BEGIN GIVEN DATA
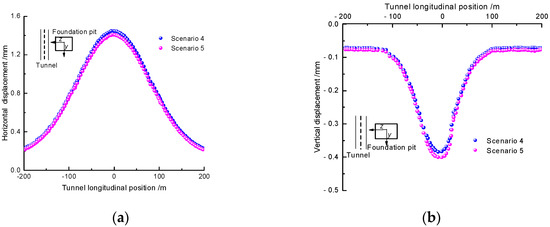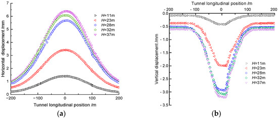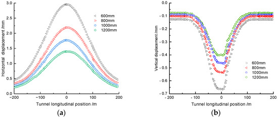 Tunnel structure deformation at different pit depths. (a) Horizontal displacement; (b) vertical displacement.
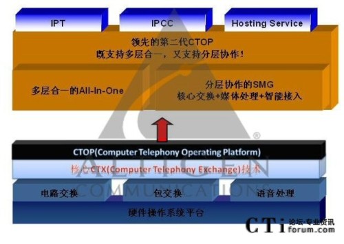  通過CTOP平臺為多種不同的應(yīng)用提供系統(tǒng)平臺,包括IP PBX、IP呼叫中心以及Hosting Service,且核心功能無需外掛其他服務(wù)器。同時也提供了非常強大與其他應(yīng)用的集成能力,拓展了核心平臺的應(yīng)用范圍。
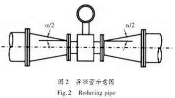 (12)當管道內(nèi)流速偏低,工藝流量又較穩(wěn)定,為滿足儀表對流速范圍的要求,在儀表部分局部提報流速,可選擇流量計口徑小于工藝管道,并在流量計的前后加接異徑管。為了在安裝異徑管后不過多影響流場分布,不影響污水流量計的精度,要求異徑管的中心錐角α不大于15°,越小越好。這樣可把異徑管視為直管段的一部分。
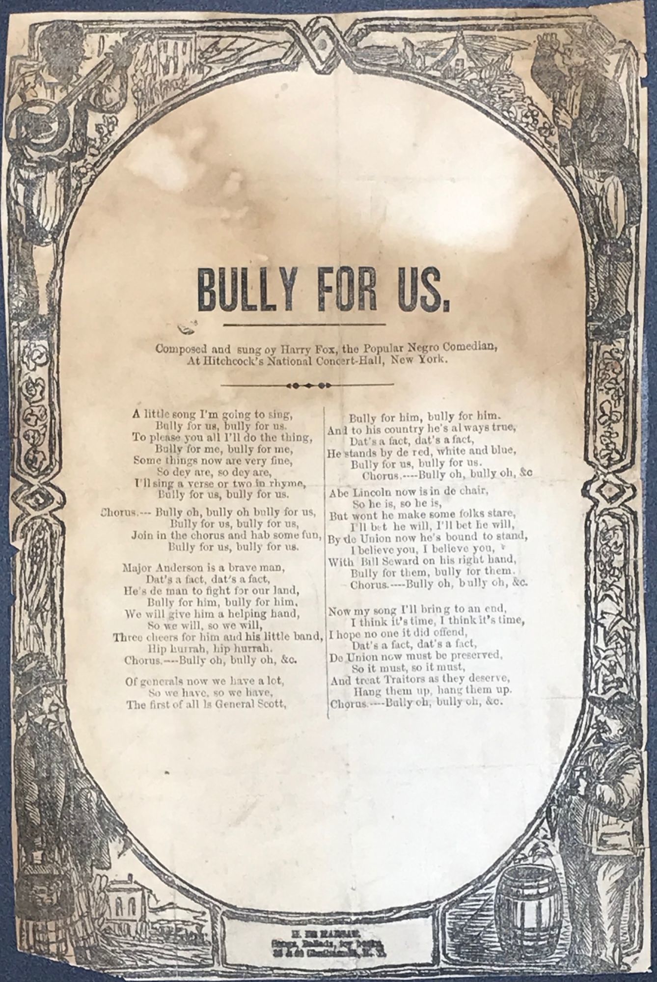 New York: H. de Marsan, 1861. First edition. Broadside song sheet, 8 3/4 x 5 3/4 inches (trimmed to edge of ornamental border), printing five verses and a chorus in two columns separated by a thin rule, and enclosed within a wide ornamental and illustrated border, with pictorial scenes in each corner, one featuring an African American playing a banjo. Abraham Lincoln ("now is in de chair"), General Winfield Scott, and Major Anderson (the defender of Fort Sumter) are featured in the lyrics. "De Union now must be preserved, … And treat Traitors as they deserve, Hang them up, hang them up." What little information we could find about Harry Fox seems to indicate that he was a Caucasian performing in blackface rather than an African American. OCLC locates two copies (Emory, New York Historical Society). Folded (browned, one archival tape repair on verso, some edgewear); still a good copy of an early Civil War song composed by an African American. (8599).
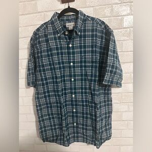 Built for comfort and durability, this Carhartt button-up features a classic plaid pattern in deep green, blue, and white tones. The short sleeves and lightweight cotton blend make it ideal for warm weather or layering under a jacket. With a crisp collar and full button front, it’s a versatile piece for workwear or casual styling.
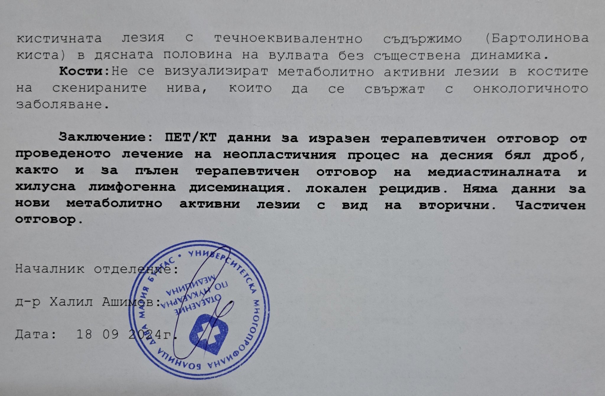 След операцията вероятно ще има ЛТ на туморното ложе и трябва да се смени системното лечение. На фона на ситуацията в главен мозък, мисля, че е редно да се направят образни на шия, торакс, абдомен и таз, ако такива не са правени скоро, за да се изясни и картината там.
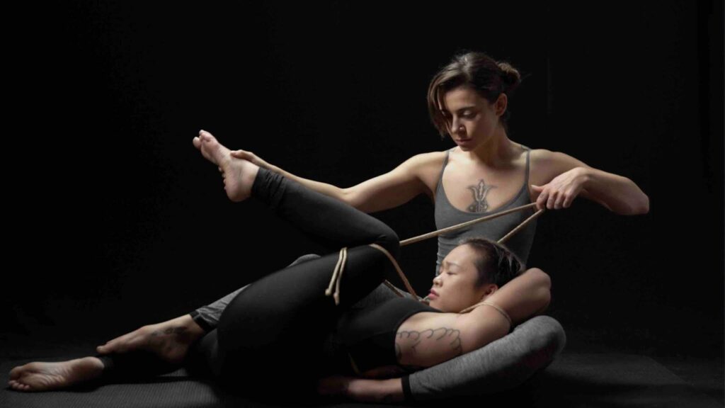 En tant qu’encordeuse, je me suis sentie plus libre dans le sens où j’avais moins à réfléchir à mes figures. Mon énergie était investie dans le mouvement, dans la tension de la corde, dans le changement de rythme et dans le rapport à l’autre corps qui devient presque un poids mort. Il s’agit de le manipuler comme s’il s’agissait d’un pantin avec l’idée de lui faire perdre ses repères pour l’aider à se laisser aller complètement. Bien sûr, comme je suis très intime avec mon partenaire, c’était d’autant plus fort. J’ai adoré pouvoir ressentir aussi fortement la connexion entre nous et j’ai adoré faire vivre ce beau moment de lâcher-prise à mon encordé. J’ai bien compris qu’il y reviendrait à l’occasion et ce sera avec beaucoup de plaisir pour moi aussi.
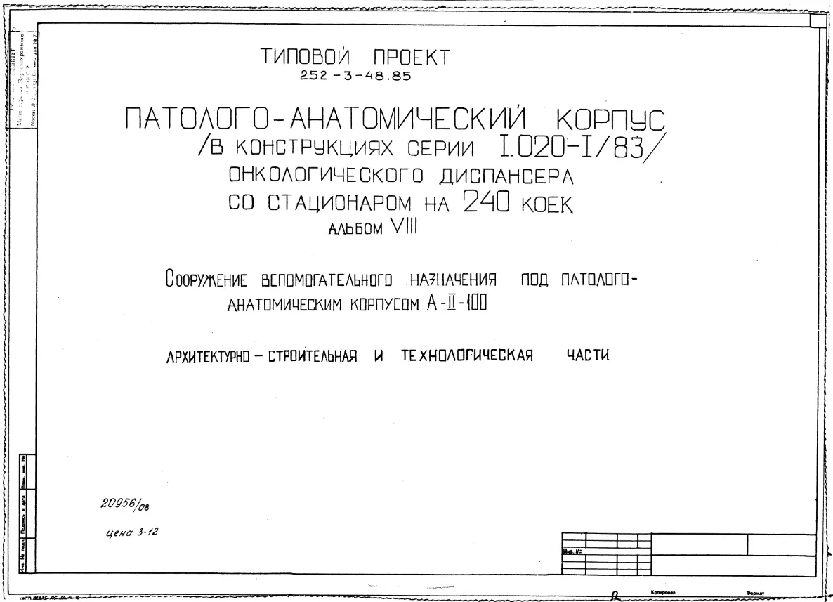 Типовой проект A-II-100 252-3-48.85 Сооружение вспомогательного назначения под патологоанатомическим корпусом онкологического диспансера со стационаром на 240 коек. Конструкции железобетонные сборно-монолитные по серии У-01-01/80 (для сух
END GIVEN DATA
# PROBLEM STATEMENT
Nothing but the lines from the start of the records above through the line with "(12)當管道內(nèi)流" should be retyped, each exactly as written; leave out all pictures.

# EXPECTED ANSWER
 Tunnel structure deformation at different pit depths. (a) Horizontal displacement; (b) vertical displacement.
  通過CTOP平臺為多種不同的應(yīng)用提供系統(tǒng)平臺,包括IP PBX、IP呼叫中心以及Hosting Service,且核心功能無需外掛其他服務(wù)器。同時也提供了非常強大與其他應(yīng)用的集成能力,拓展了核心平臺的應(yīng)用范圍。
 (12)當管道內(nèi)流速偏低,工藝流量又較穩(wěn)定,為滿足儀表對流速范圍的要求,在儀表部分局部提報流速,可選擇流量計口徑小于工藝管道,并在流量計的前后加接異徑管。為了在安裝異徑管后不過多影響流場分布,不影響污水流量計的精度,要求異徑管的中心錐角α不大于15°,越小越好。這樣可把異徑管視為直管段的一部分。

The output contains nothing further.